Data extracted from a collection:
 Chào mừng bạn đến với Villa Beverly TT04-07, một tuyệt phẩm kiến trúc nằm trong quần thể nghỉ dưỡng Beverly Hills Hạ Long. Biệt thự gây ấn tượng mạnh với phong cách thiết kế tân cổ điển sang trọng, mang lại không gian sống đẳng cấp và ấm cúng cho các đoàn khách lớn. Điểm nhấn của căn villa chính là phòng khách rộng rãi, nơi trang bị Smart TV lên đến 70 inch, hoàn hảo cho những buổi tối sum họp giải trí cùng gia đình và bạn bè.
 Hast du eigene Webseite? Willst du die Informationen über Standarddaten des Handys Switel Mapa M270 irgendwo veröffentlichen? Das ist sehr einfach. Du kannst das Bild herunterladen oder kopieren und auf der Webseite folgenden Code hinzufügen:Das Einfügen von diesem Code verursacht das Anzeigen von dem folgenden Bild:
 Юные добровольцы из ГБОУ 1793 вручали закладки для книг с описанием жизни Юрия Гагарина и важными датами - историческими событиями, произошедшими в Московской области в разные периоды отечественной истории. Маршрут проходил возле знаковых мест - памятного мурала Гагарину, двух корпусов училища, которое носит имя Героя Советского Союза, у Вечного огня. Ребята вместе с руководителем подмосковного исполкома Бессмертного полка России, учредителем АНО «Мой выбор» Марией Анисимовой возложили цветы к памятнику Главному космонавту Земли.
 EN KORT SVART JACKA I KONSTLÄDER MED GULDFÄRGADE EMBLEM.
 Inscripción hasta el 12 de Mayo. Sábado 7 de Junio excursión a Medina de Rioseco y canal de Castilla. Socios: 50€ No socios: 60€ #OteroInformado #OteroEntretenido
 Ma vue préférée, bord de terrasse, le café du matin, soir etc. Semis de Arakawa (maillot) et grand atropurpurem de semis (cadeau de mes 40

:: WORK TASK ::
Nothing but an exact repetition of the entries is expected here.

:: SOLUTION TO THE EXERCISE ::
 Chào mừng bạn đến với Villa Beverly TT04-07, một tuyệt phẩm kiến trúc nằm trong quần thể nghỉ dưỡng Beverly Hills Hạ Long. Biệt thự gây ấn tượng mạnh với phong cách thiết kế tân cổ điển sang trọng, mang lại không gian sống đẳng cấp và ấm cúng cho các đoàn khách lớn. Điểm nhấn của căn villa chính là phòng khách rộng rãi, nơi trang bị Smart TV lên đến 70 inch, hoàn hảo cho những buổi tối sum họp giải trí cùng gia đình và bạn bè.
 Hast du eigene Webseite? Willst du die Informationen über Standarddaten des Handys Switel Mapa M270 irgendwo veröffentlichen? Das ist sehr einfach. Du kannst das Bild herunterladen oder kopieren und auf der Webseite folgenden Code hinzufügen:Das Einfügen von diesem Code verursacht das Anzeigen von dem folgenden Bild:
 Юные добровольцы из ГБОУ 1793 вручали закладки для книг с описанием жизни Юрия Гагарина и важными датами - историческими событиями, произошедшими в Московской области в разные периоды отечественной истории. Маршрут проходил возле знаковых мест - памятного мурала Гагарину, двух корпусов училища, которое носит имя Героя Советского Союза, у Вечного огня. Ребята вместе с руководителем подмосковного исполкома Бессмертного полка России, учредителем АНО «Мой выбор» Марией Анисимовой возложили цветы к памятнику Главному космонавту Земли.
 EN KORT SVART JACKA I KONSTLÄDER MED GULDFÄRGADE EMBLEM.
 Inscripción hasta el 12 de Mayo. Sábado 7 de Junio excursión a Medina de Rioseco y canal de Castilla. Socios: 50€ No socios: 60€ #OteroInformado #OteroEntretenido
 Ma vue préférée, bord de terrasse, le café du matin, soir etc. Semis de Arakawa (maillot) et grand atropurpurem de semis (cadeau de mes 40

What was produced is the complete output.